Excerpt from the novel Neuromancer icon-external-link-12x12 icon-search-12x12 by William Gibson icon-external-link-12x12 icon-search-12x12

William Gibson's "Neuromancer" novel art. [Formatted]

     Friday night on Ninsei.
     He passed yakitori stands and massage parlors, a franchised coffee shop called Beautiful Girl, the electronic thunder of an arcade. He stepped out of the way to let a dark-suited sarariman by, spotting the Mitsubishi-Genentech logo tattooed across the back of the man’s right hand.
     Was it authentic? If that’s for real, he thought, he’s in for trouble. If it wasn’t, served him right. M-G employees above a certain level were implanted with advanced microprocessors that monitored mutagen levels in the bloodstream. Gear like that would get you rolled in Night City, rolled straight into a black clinic.
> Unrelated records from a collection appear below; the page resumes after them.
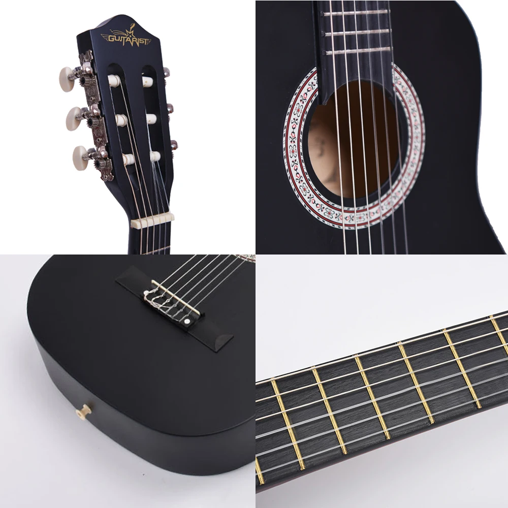 30 дюймов Классическая гитара, 6 струн, липа, гитара, черная гитара для начинающих, сумка для выступлений, Капо струны, тюнер CGT301
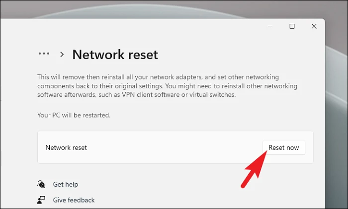 После этого нажмите кнопку «Сбросить сейчас». Это перезагрузит ваш компьютер.
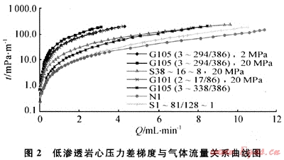 但是就低滲透氣藏氣體滲流的過程中是否存在啟動壓力梯度這一問題,國內(nèi)外的油氣田開發(fā)工作者們還存在很大爭議。為此,對低滲透氣藏氣體滲流是否存在啟動壓力梯度進行了室內(nèi)測試,其測試結(jié)果見圖2。
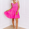 - Step into sweetness with this darling mini dress! Featuring satin-finished ribbon straps that tie into charming bow accents, this dress is pure delight. The smocked bodice hugs your curves just right, creating a flattering silhouette that's both playful and elegant. Perfect for a sunny day out or a whimsical evening event, this dress is your go-to for a touch of cuteness and style.
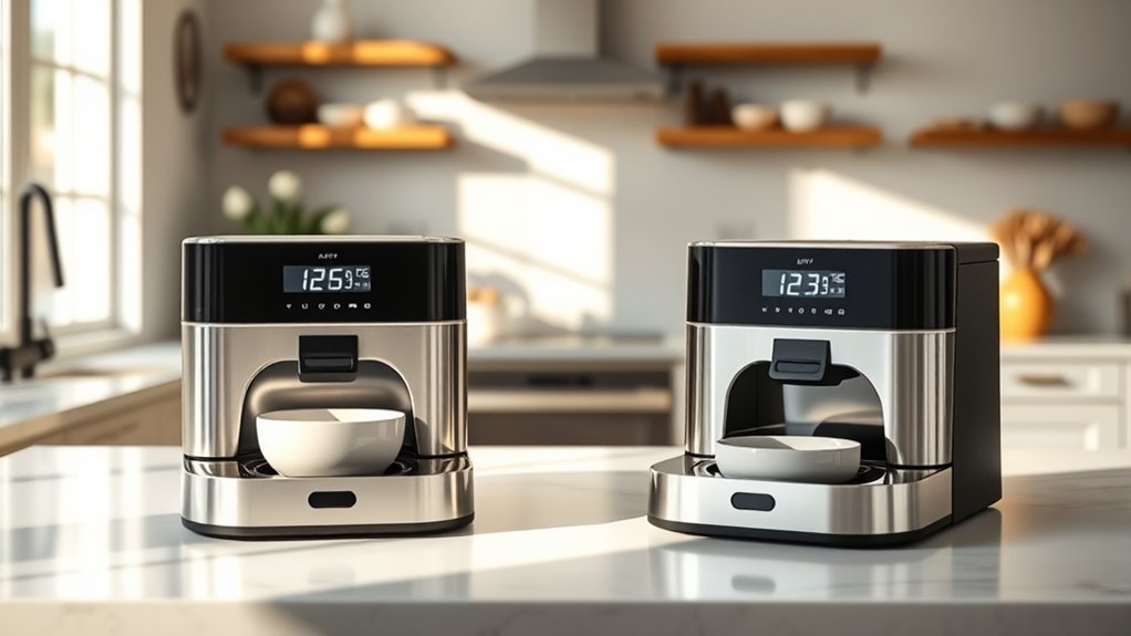 When choosing an auto cat feeder for two cats, prioritize safety features that prevent accidental access, malfunctions, and electrical hazards. Look for secure lid locks and tamper-proof design to stop pets from stealing food. Safety sensors, like infrared detection, help prevent overfeeding and dispensing errors that could harm your cats.
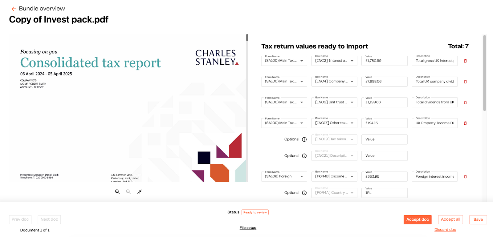 You will be taken through each document individually where you will have a preview of the document on the left hand side and the AI’s output on the right hand side. If you are using a smaller screen, the view may be stacked top to bottom. Here you will be able to review and edit the information as needed. Once you have done so you can click on Accept Doc if you are happy as it is, or Save if you need to come back to it at a later stage.

     The sarariman had been Japanese, but the Ninsei crowd was a gaijin crowd. Groups of sailors up from the port, tense solitary tourists hunting pleasures no guidebook listed, Sprawl heavies showing off grafts and implants, and a dozen distinct species of hustler, all swarming the street in an intricate dance of desire and commerce.
     There were countless theories explaining why Chiba City tolerated the Ninsei enclave, but Case tended toward the idea that the Yakuza might be preserving the place as a kind of historical park, a reminder of humble origins. But he also saw a certain sense in the notion that burgeoning technologies require outlaw zones, that Night City wasn’t there for its inhabitants, but as a deliberately unsupervised playground for technology itself.
     Was Linda right, he wondered, staring up at the lights? Would Wage have him killed to make an example? It didn’t make much sense, but then Wage dealt primarily in proscribed biologicals, and they said you had to be crazy to do that.
     But Linda said Wage wanted him dead. Case’s primary insight into the dynamics of street dealing was that neither the buyer nor the seller really needed him. A middleman’s business is to make himself a necessary evil. The dubious niche Case had carved for himself in the criminal ecology of Night City had been cut out with lies, scooped out a night at a time with betrayal. Now, sensing that its walls were starting to crumble, he felt the edge of a strange euphoria.
     The week before, he’d delayed transfer of a synthetic glandular extract, retailing it for a wider margin than usual. He knew Wage hadn’t liked that. Wage was his primary supplier, nine years in Chiba and one of the few gaijin dealers who’d managed to forge links with the rigidly stratified criminal establishment beyond Night City’s borders. Genetic materials and hormones trickled down to Ninsei along an intricate ladder of fronts and blinds. Somehow Wage had managed to trace something back, once, and now he enjoyed steady connections in a dozen cities.
     Case found himself staring through a shop window. The place sold small bright objects to the sailors. Watches, flicknives, lighters, pocket VTRs, simstim decks, weighted manriki chains, and shuriken. The shuriken had always fascinated him, steel stars with knife-sharp points. Some were chromed, others black, others treated with a rainbow surface like oil on water. But the chrome stars held his gaze. They were mounted against scarlet ultrasuede with nearly invisible loops of nylon fishline, their centers stamped with dragons or yinyang symbols. They caught the street’s neon and twisted it, and it came to Case that these were the stars under which he voyaged, his destiny spelled out in a constellation of cheap chrome.
     “Julie,” he said to his stars. “Time to see old Julie. He’ll know.”